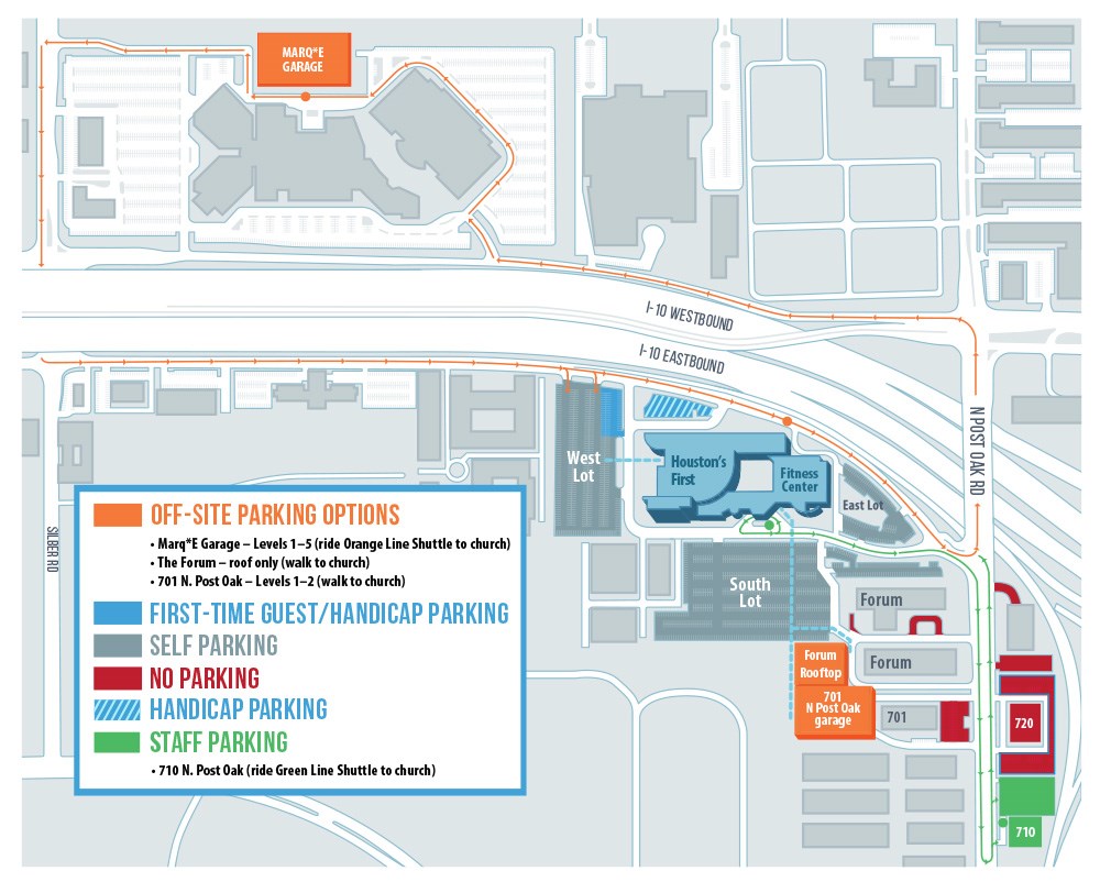 On Sunday mornings, members and regular attenders of Houston's First are asked to use shuttle parking locations so first time guests and those with physical limitations can park on campus. This simple act of making room for more people to attend our church is one of the most simple yet impactful ways you can help spread the Gospel message.
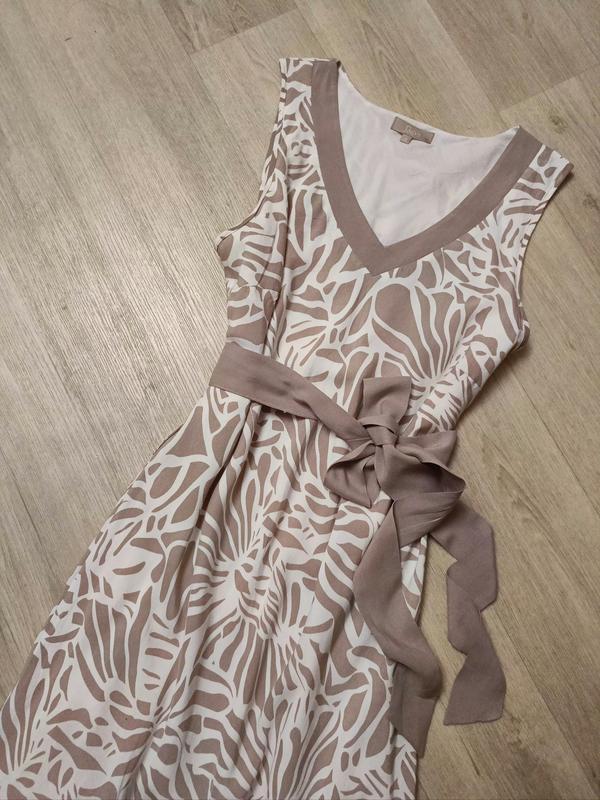 Дуже красиве плаття міді в принт! Приємна віскозна тканина, на підкладці! Плаття викроєне косою, зарахунок чого прекрасного сідає на фігурі! Талію звужена та поясок підкреслює талію. Плаття нове, не ножене, стік. Розмір вказаний 16(2XL), підходить на XL. краще. Довжина 117 см, півобхват грудей під проймою 47 см, півобхват поясу, де поясок зав'язуємо 44 см, пів обхват стегна 49 см
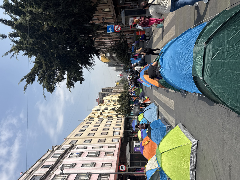This forensic image captures a crowded urban street scene in Mexico City, Mexico, characterized by a large-scale tent encampment
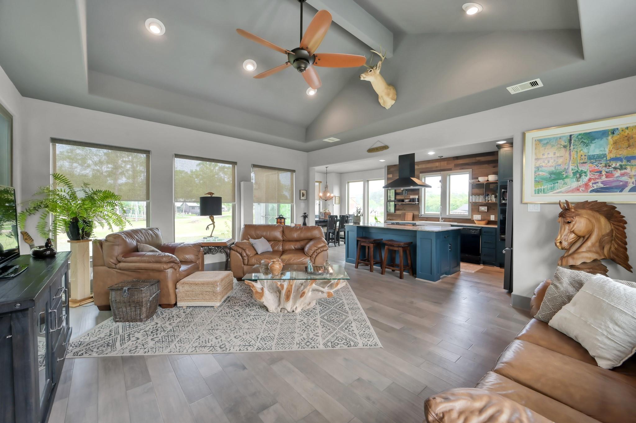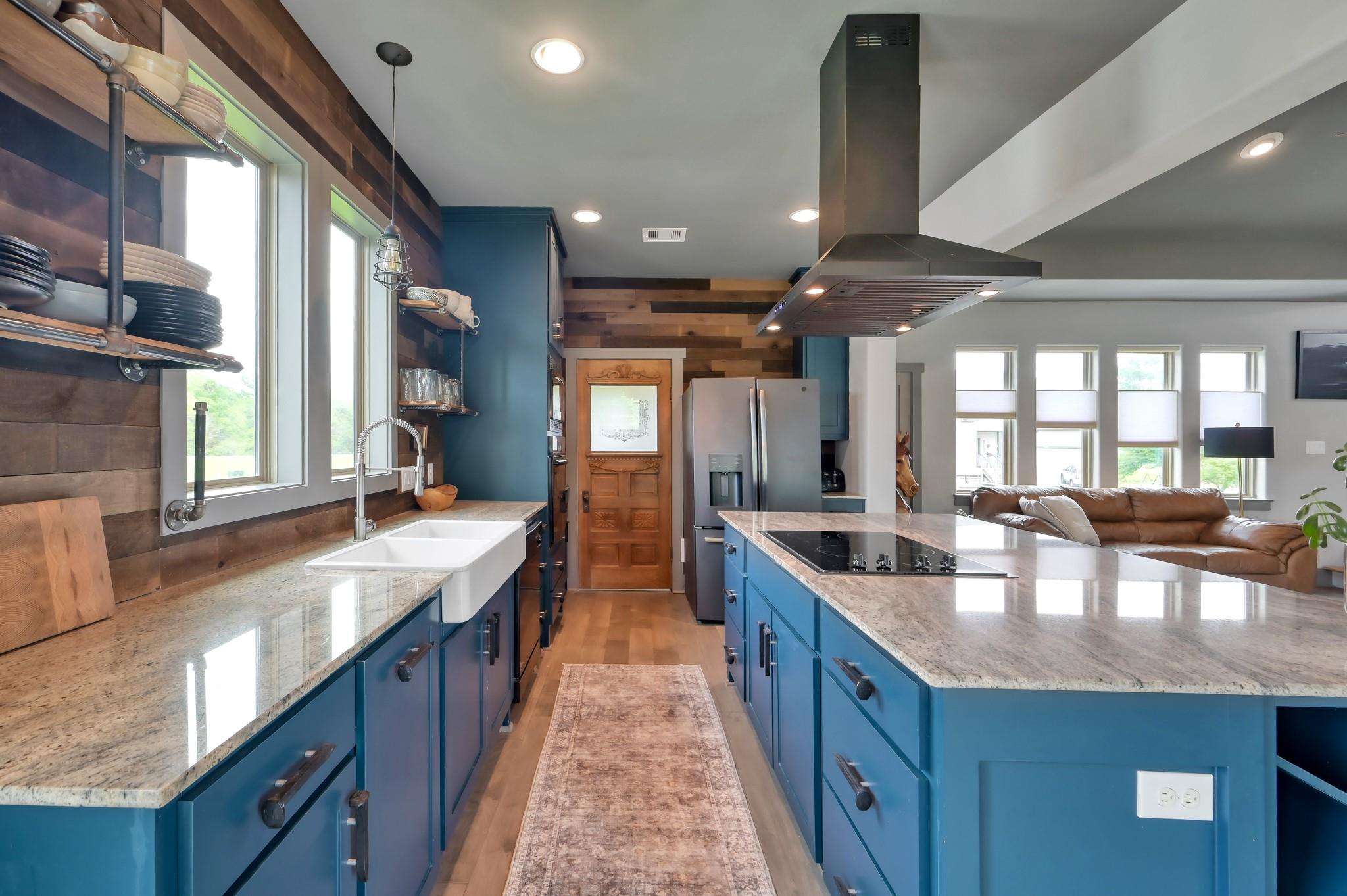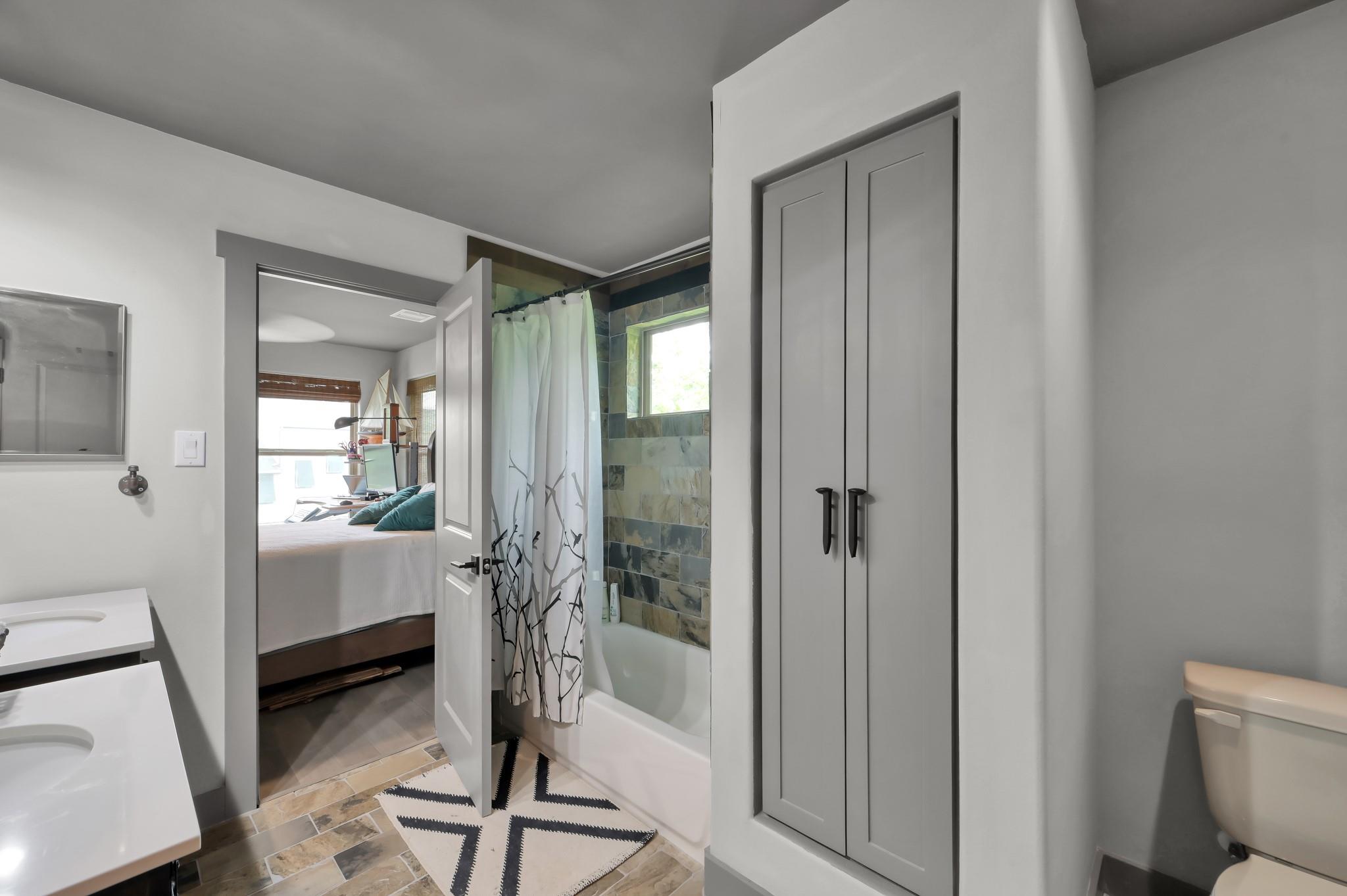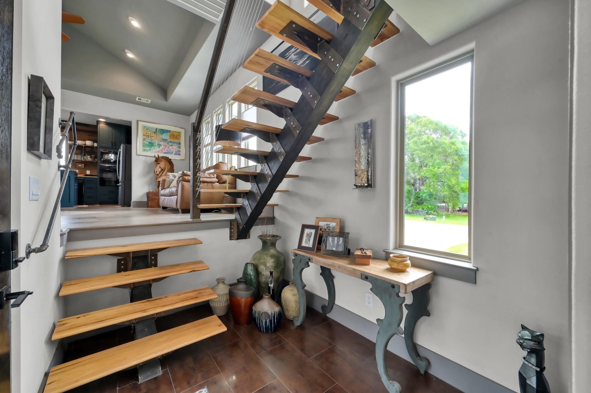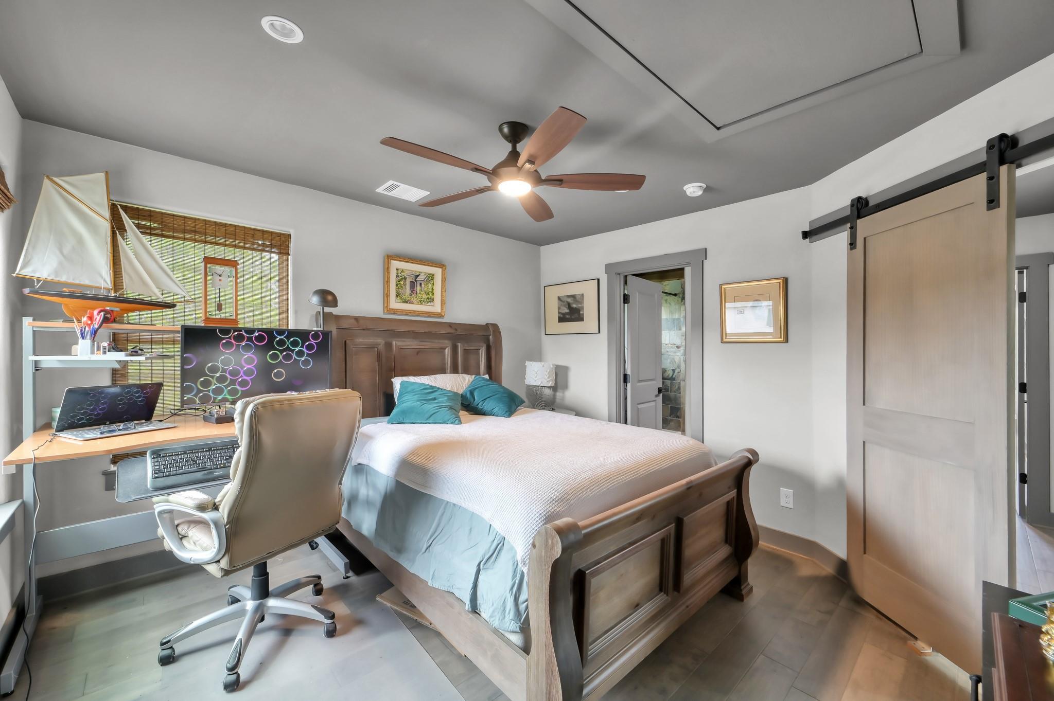 Architect-designed lakefront retreat in prestigious Wildwood Shores, Huntsville, set on the tranquil north end of Lake Conroe within Sam Houston National Forest. Private waterfront sanctuary surrounded by towering trees, protected forest land, and abundant wildlife. 1,926 SF split-level home blending modern sophistication with warm, mountain-inspired design. Open-concept living with vaulted beam ceilings and walls of glass capturing sweeping lake and forest views. Kitchen features granite countertops, natural wood-planked walls, large windows, and walk-in pantry with antique etched-glass door. Sculptural floating hickory staircase with cable railing leads to upper guest rooms with Jack-and-Jill bath. Private lower-level primary suite w/walk-in closet and full bath. Outdoor living includes private boat slip and lift, fishing-friendly bulkhead, and elevated deck for entertaining or sunset views. Gated community offers pools, tennis courts, boat launches, and resort-style setting.
※
Pictures aside, repeat exactly every line from the top of the listing above through the line bearing "This forensic image", inclusive.

EXERCISE ANSWER
 On Sunday mornings, members and regular attenders of Houston's First are asked to use shuttle parking locations so first time guests and those with physical limitations can park on campus. This simple act of making room for more people to attend our church is one of the most simple yet impactful ways you can help spread the Gospel message.
 Дуже красиве плаття міді в принт! Приємна віскозна тканина, на підкладці! Плаття викроєне косою, зарахунок чого прекрасного сідає на фігурі! Талію звужена та поясок підкреслює талію. Плаття нове, не ножене, стік. Розмір вказаний 16(2XL), підходить на XL. краще. Довжина 117 см, півобхват грудей під проймою 47 см, півобхват поясу, де поясок зав'язуємо 44 см, пів обхват стегна 49 см
This forensic image captures a crowded urban street scene in Mexico City, Mexico, characterized by a large-scale tent encampment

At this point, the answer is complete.